There’s zero chance that a Republican will win this year’s Senate election in Massachusetts. That hasn’t stopped the crypto industry from lighting money on fire in a doomed bid to defeat Sen. Elizabeth Warren.
Cryptocurrency figures have given the majority of the donations or loans to the effort to replace Warren, an industry scourge, with Republican John Deaton, campaign finance reports filed Tuesday show.
Crypto industry big shots have given more than three times as much to Deaton’s campaign, or a super PAC supporting him, than small-dollar donors. Their combined $3.6 million effort pales in comparison to the $19 million Warren has raised, but it shows how much her criticisms have enraged the crypto world.
In their first debate Tuesday, Warren took a swipe at Deaton’s close ties to the industry.
“His crypto buddies are going to want a return on their investment. He’s going to fight for crypto.”
“I fight for everybody, fight for working people,” Warren said. “If John Deaton has a chance to go to Washington, his crypto buddies are going to want a return on their investment. He’s going to fight for crypto.”
Warren trounced her Republican opponent by a 24-point margin six years ago and is gliding toward a similar result this time, according to recent polls.
Still, cryptocurrency industry leaders have contributed heavily to the push to elect Deaton, an attorney who has sued the Securities and Exchange Commission on behalf of the industry. Crypto trade publications dubbed the contest “the first Bitcoin election.”
When it comes to Deaton’s own campaign organization, he has loaned or donated to himself more than he has raised from individual contributions.
A pro-Deaton super PAC called the Commonwealth Unity Fund, which is bankrolled by the industry, has raised and spent more money than Deaton’s campaign.
The San Francisco-based crypto company Ripple Labs gave the PAC $1 million in May. Bitcoin-boosting twins Tyler and Cameron Winklevoss chipped in $500,000 each in July.
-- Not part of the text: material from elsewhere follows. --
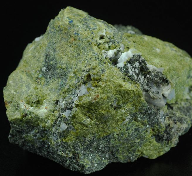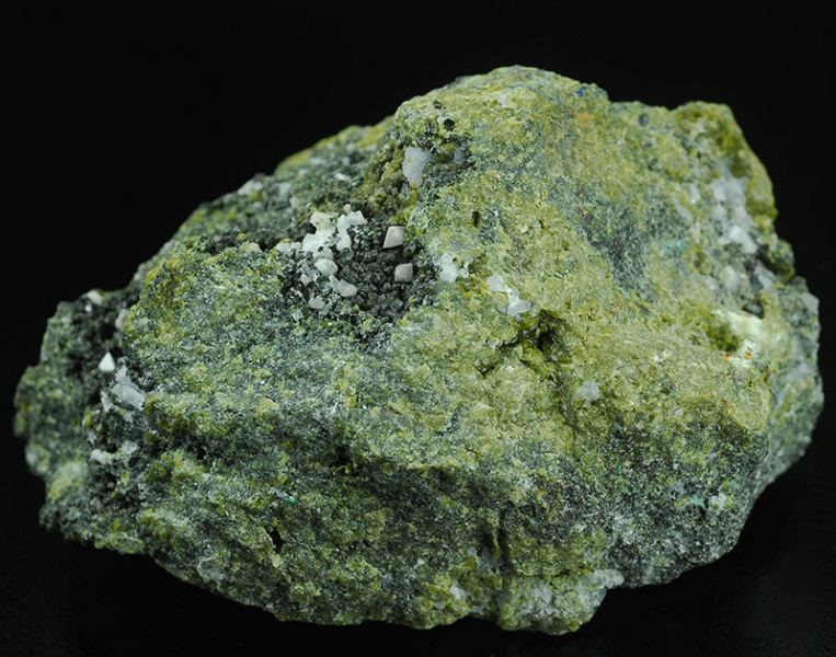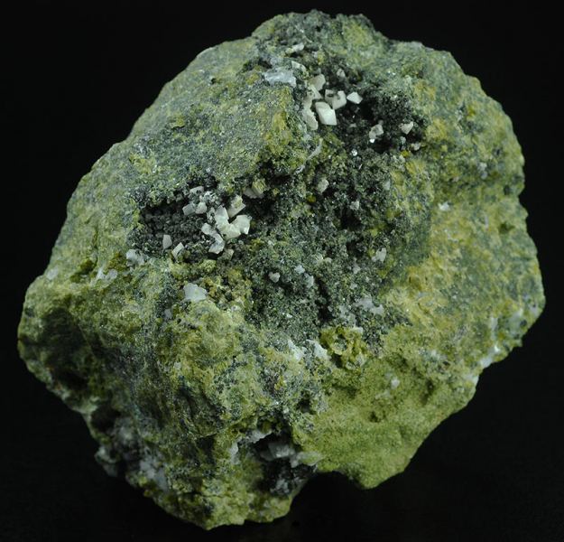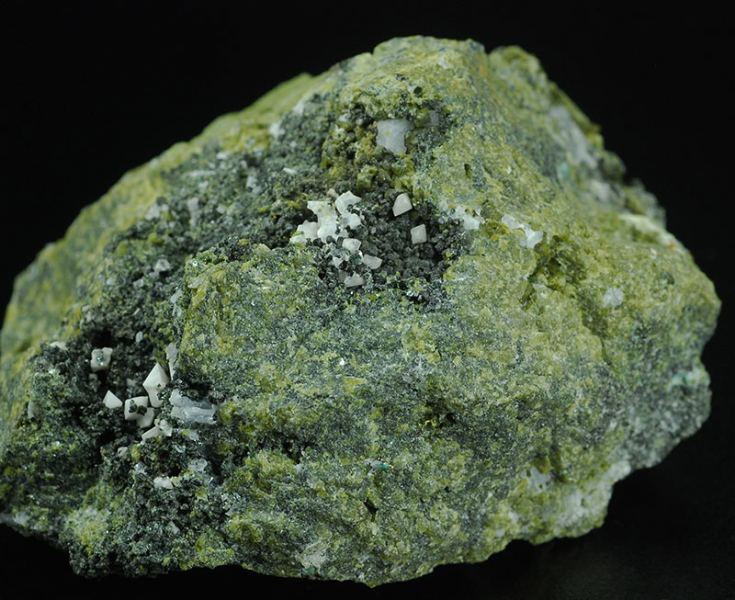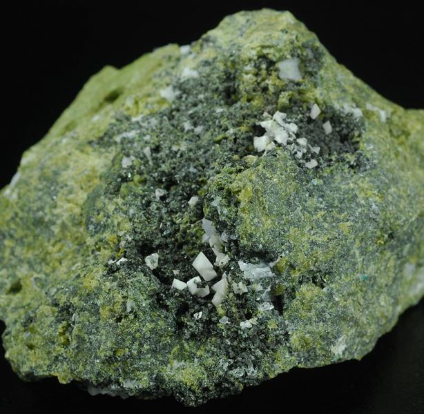 Some pearl white, dipyramidal crystals of gismondine are seeded over the surface of the specimen.They make a strong contrast with the green microcrystals of epidotes and with the whitish massive calcite.Data last checked on 5th Jan 2022 - specimen may no longer be available

Days later, the co-founder of the Tether stablecoin, Philip Potter, contributed nearly $500,000 more. The PAC’s Tuesday filing shows that its only more recent receipt was from a crypto industry lawyer.
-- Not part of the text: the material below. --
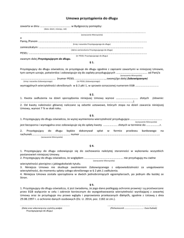 Umowa przystąpienia do długu zawarta w dniu ……………………………………. w Bydgoszczy pomiędzy: (data: dzieo, miesiąc, rok) ……………………………................................................................................................................................... (oznaczenie Wierzyciela) a Panią /Panem ……………………………………………………………………………………………………………………………………… (Imię i nazwisko Przystępującego do długu) zamieszkałym: ………………………………………………………………………………………………………………………………… (Adres zamieszkania Przystępującego do długu) PESEL: …………………………………………………………………………………………………………………………………………………. (nr PESEL Przystępującego do długu) zwanym dalej Przystępującym do długu. § 1. Przystępujący do długu oświadcza, że przystępuje do długu zgodnie z zapisami zawartymi w niniejszej Umowie, tym samym uznaje, potwierdza i zobowiązuje się do zapłaty przysługujących …………………………………….. od Pani/a (oznaczenie Wierzyciela) …………………………………………. (numer PESEL …………………………………..., zwanej/go dalej Zobowiązanym) (Imię i nazwisko Zobowiązanego) (nr PESEL Zobowiązanego) wymagalnych wierzytelności określonych w § 2 pkt 1, w sprawie oznaczonej numerem EGB …………………………… § 2. 1. Kwota zadłużenia na dzieo sporządzenia niniejszej Umowy wynosi …………………………. złotych (słownie: ……………………………………………………………………………………………………………………………………………). 2. Od kwoty należności głównej naliczane są odsetki ustawowe, których stopa na dzieo zawarcia niniejszej Umowy, wynosi 7 % w skali roku. § 3. 1. Przystępujący do długu oświadcza, że wyżej wymieniona wierzytelnośd przysługująca ……………………………………… (oznaczenie Wierzyciela) jest bezsporna i wymagalna oraz zobowiązuje się do spłaty kwoty ……………….. złotych w terminie do ……………….r. 2. Przystępujący do długu będzie dokonywał spłat w formie przelewu bankowego na rachunek……………………………………………… numer …………………………………………………………………………………………………. (oznaczenie Wierzyciela) § 4. 1. Przystępujący do długu zobowiązuje się do zachowania należytej staranności w wykonaniu wszystkich postanowieo niniejszej Umowy. 2. Przystępujący do długu oświadcza, że względem ………………………………………………. nie przysługują mu żadne (oznaczenie Wierzyciela) wierzytelności pieniężne z jakiegokolwiek tytułu. 3. Niniejsza Umowa nie skutkuje zwolnieniem Zobowiązanego z odpowiedzialności za uregulowanie wierzytelności, do momentu spłaty całego określonego w § 2 pkt.1 zadłużenia. 4. Niniejsza Umowa została sporządzona w dwóch jednobrzmiących egzemplarzach, po jednym dla każdej ze Stron. § 5. 1. Przystępujący do długu oświadcza, iż jest świadomy, że jego dane podlegają ochronie prawnej i są przetwarzane przez EGB wyłącznie w celu i zakresie koniecznym do wyegzekwowania wierzytelności wynikającej z zawartej Umowy oraz że przysługuje mu prawo wglądu i poprawiania przekazanych danych, zgodnie z Ustawą z dnia 29.08.1997 r. o ochronie danych osobowych (Dz. U. 2014, poz. 1182 ze zm.). ….…….….............................................................. (Data oraz własnoręczny czytelny podpis Przystępującego do długu) ….…….….............................................................. (Pełnomocnik ……………………………- Ewa Kubiak)

A different crypto super PAC, Fairshake, has raised more than $160 million while spending its money on races expected to be far closer: the Republican bid to unseat Sen. Sherrod Brown, D-Ohio. The massive spending campaign is aimed at convincing Congress to relax regulations on crypto.
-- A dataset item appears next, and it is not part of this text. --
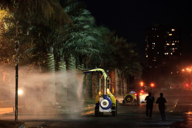 "No basta con echar un chorro de agua con cloro": Sanitizan con tractores las calles más transitadas en la RM

During the Tuesday debate, Deaton painted the crypto industry as a way for ordinary Americans to escape bank fees — something Warren helped to do by spurring the creation of the Consumer Financial Protection Bureau.
“I can’t help it,” he said, of the industry spending on his race. “When she goes to ban an entire industry, that they are motivated against her because they see a viable candidate.”